Futures are down this morning with not much in the U.S. news since Obama’s “must spend, spend, spend but we’ll balance our budget because I don’t know math” speech. And we’re all going to go back to college so that we can be a nation of PhD. Wal-Mart greeters and fast food workers.
Here’s an idea… how about we all do one year of remedial math and throw in some lessons on how money works/ doesn’t work? Now that would be worth something.

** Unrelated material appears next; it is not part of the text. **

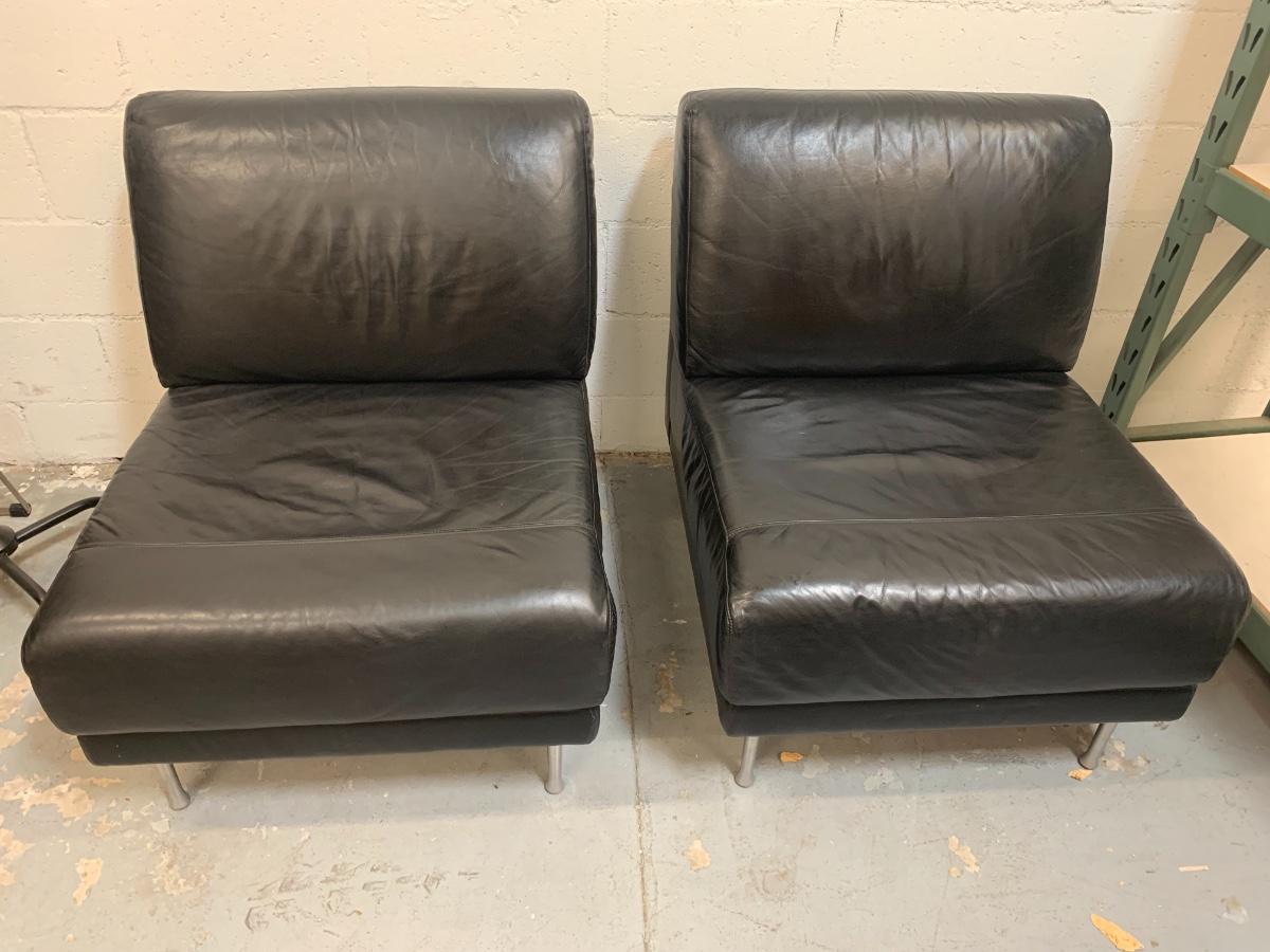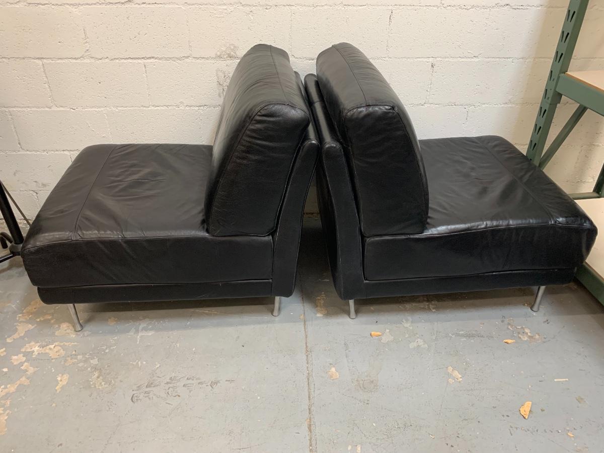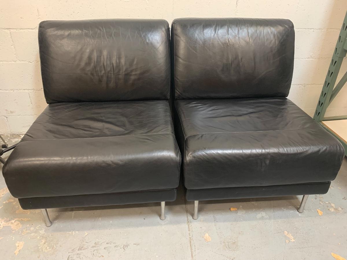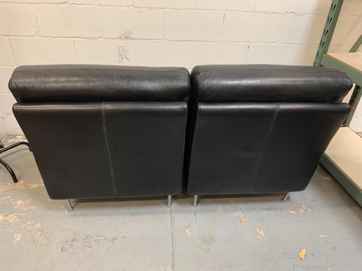 Two mid century black leather chairs. Can be sat together to make love seat. In good condition, no distress. Each seat is 28 inches in width, depth is 23 inches, back height is 34 inches.
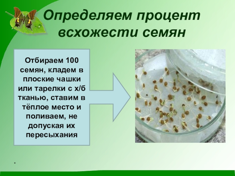 У семян первого класса всхожесть должна быть для зерновых культур не ниже 95%.

This morning we learned that mortgage purchase applications are down again:
(EconoDay) Housing demand isn't picking up despite low mortgage rates and falling home prices. MBA's purchase index fell 2.6 percent to a very weak 250.5 in the Feb. 20 week. Refinancing applications also fell, down 19 percent to 3,618.0. Mortgage rates inched higher in the week with 30-year fixed loans averaging 5.07 percent. The purchase index is pointing squarely at weak home sales in February. Data on January's sales of existing home will be released at 10:00 a.m.Standard & Poor’s cut the rating of Ukraine to that of Pakistan (ccc+). Every time I read about S&P or Moody’s passing judgment on a nation or a company, I am reminded of how poor and broken our rating system is. Any meaningful change must include revamping those companies and eliminating pay for rating.
I’m on the lookout for some type of hammer candlestick today and will get protective if we move above yesterday’s close.
Best of luck to your trades, keep your input and charts coming – appreciate it.